6. Which is the biggest sleep deterrent in your bedroom?
A. A pet
B. A man
C. TV
D. An electric fan

Answer: C. TV stimulates your alertness. Plus, the flickering light keeps you awake and programs your circadian clock to keep you up later. Worse, if you fall asleep with the TV on, the light will make your sleep shallow and unsatisfactory.

But men also can be a problem if they snore, a bother to 22 percent of women (and only 7 percent of men) with bed partners, according to a National Sleep Foundation survey. Snoring mates cost their partners one hour of sleep nightly. Solutions include earplugs for you, nasal strips for him (to keep nose passages open) and a mattress made of individually wrapped coils for the both of you.

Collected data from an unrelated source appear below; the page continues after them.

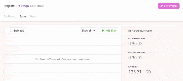 When your team members start tracking time spent on the project, you can access the Project Dashboard to monitor project costs.
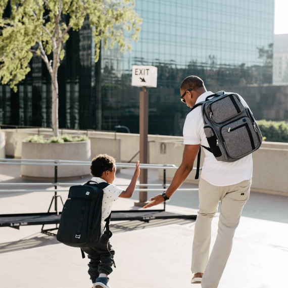 У рюкзака два фронтальных кармана на молнии: нижний – с боковой молнией для быстрого доступа, верхний предусмотрен для электронных гаджетов. На боковой части модели BASE находится внутренний термокарман, в котором можно разместить детское питание, бутылку с водой или, например, очки или зонтик.
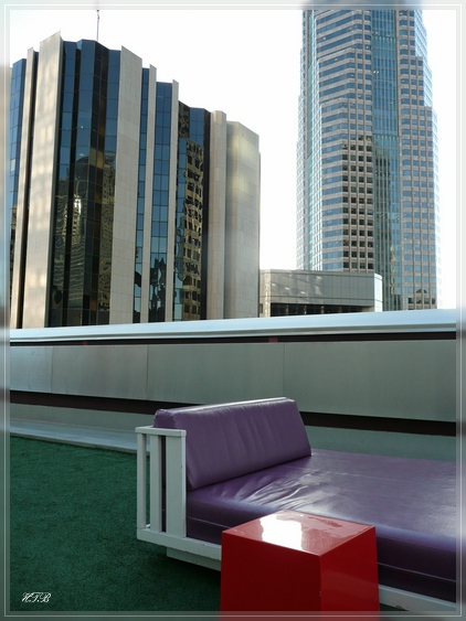 Auf dem Weg nach Downtown in unser Hotel fahren wir noch beim Wiltern Theatre vorbei, allerdings wird uns hier gesagt, dass wir unsere Karten erst ab 19 Uhr abholen können. Im Standard Downtown Hotel haben wir vor vier Jahren schon einmal übernachtet und es hat uns super gefallen. Alles ist sehr designer-mäßig und manche Leute würden beim Betreten der Zimmer wohl sagen hier wurden die Möbel vergessen. Ist aber mal was anderes und außerdem gibt es auf dem Dach die Rooftop-Bar. Das Ambiente da oben am Pool inmitten der Skyline von L.A. ist wirklich unvergleichlich. Das Gehabe des Publikums, dass sich teilweise wichtiger nimmt als es ist, muss man einfach ausblenden. Gleich nach dem Einchecken machen wir es uns jedenfalls in einer der Sofaecken mit ein paar Kaltgetränken gemütlich.
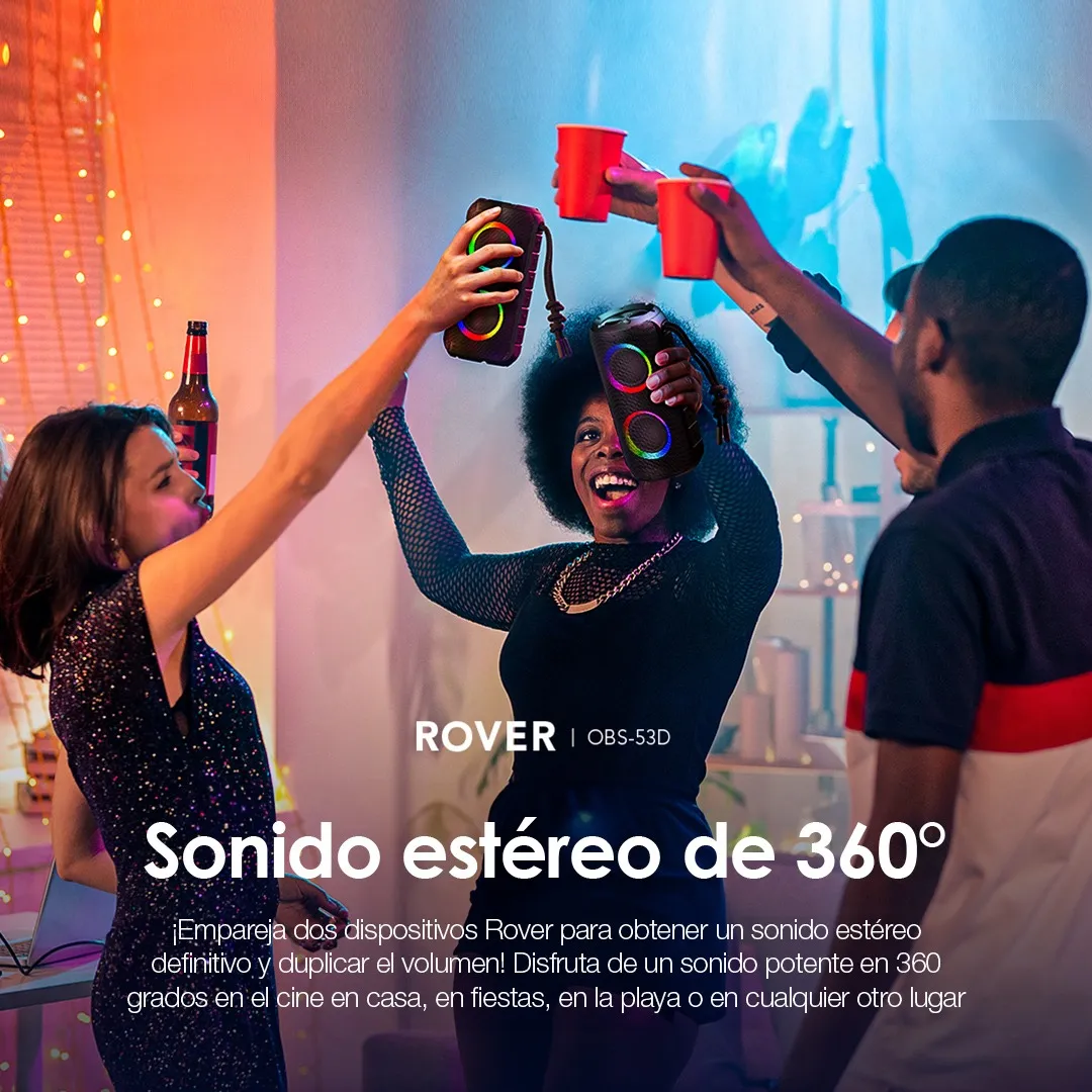 ¡Empareje dos dispositivos Rover para obtener el mejor sonido estéreo y duplicar el volumen! Disfrute de 360° de música a todo volumen en el cine en casa, en fiestas, en la playa, en el parque o en cualquier otro lugar imaginable. ¡Hagamos ruido!
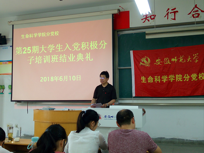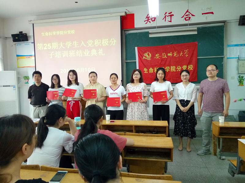 本网讯(生科院 何馗馗 李丽萍) 2018年6月10日,m88官网分党校第25期入党积极分子党课培训班结业典礼在8306顺利举行。公司党委书记蒋学波,班主任何馗馗、蒋婷婷,全体学员参加了结业典礼。结业典礼上,蒋学波书记首先对同学们顺利结业表示祝贺,对关心支持公司分党校工作的领导老师致敬;他期望同学做到学习以恒、做事以敬、待人以宽;他指出,早日成为一名中共党员,还需做到四点:一是端正入党动机,努力做到思想上入党;二是加强理论学习,提高政治理论水平;三是严格要求自己,发挥先锋模范作用;四是自觉接受组织的教育考察,强化入党信念培养。典礼上,公司党委书记蒋学波依次为学员代表颁发了结业证书、为优秀学员颁发了荣誉证书。优秀学员代表贺佳云发言,表达了对公司培养的感激之情,并表态在将来学习生活中会继续争做模范,争取早日成为一名光荣的共产党员。本期分党校培训工作的顺利开展,离不开两个“突出”。

The mattress reduces the rock 'n' roll of two people tossing and turning.

Pets may disturb sleep, but only if they're hyperactive, your bed is too small or they aggravate your allergies. The fan will rouse you only if it's chugging. More likely, the humming will lull you to sleep.

7. Put these beverages in order, from the one with the most caffeine (a major sleep disruptor) to the one with the least.
A. Mountain Dew, 12 ounces
B. Iced tea, 12 ounces
C. Starbucks Café Latte, 8 ounces
D. 7Up, 12 ounces

Answer: C, B, A, D. Latte (89 mg), iced tea (70 mg), Mountain Dew (55 mg), 7Up (0 mg). Caffeine alters your circadian rhythm and combats adenosine, a chemical that builds up in the body over the course of the day and encourages sleep. Other culprits include Sunkist orange soda (41 mg in 12 ounces), Ben & Jerry's no-fat coffee-fudge frozen yogurt (85 mg per cup), Excedrin Migraine (65 mg) and Maximum Strength Midol Menstrual (60 mg).

So, how did you score?

Give yourself 10 points for every correct answer. If you scored:
60-70 points
Excellent. You're most likely getting your needed ZZZs.
50 points Good. Let's hope you put your knowledge into practice.
30-40 points Average. Like most of us, you're shaving snooze time and it shows.
0-20 points Poor. Our Rx: Sleep on it and try our test again.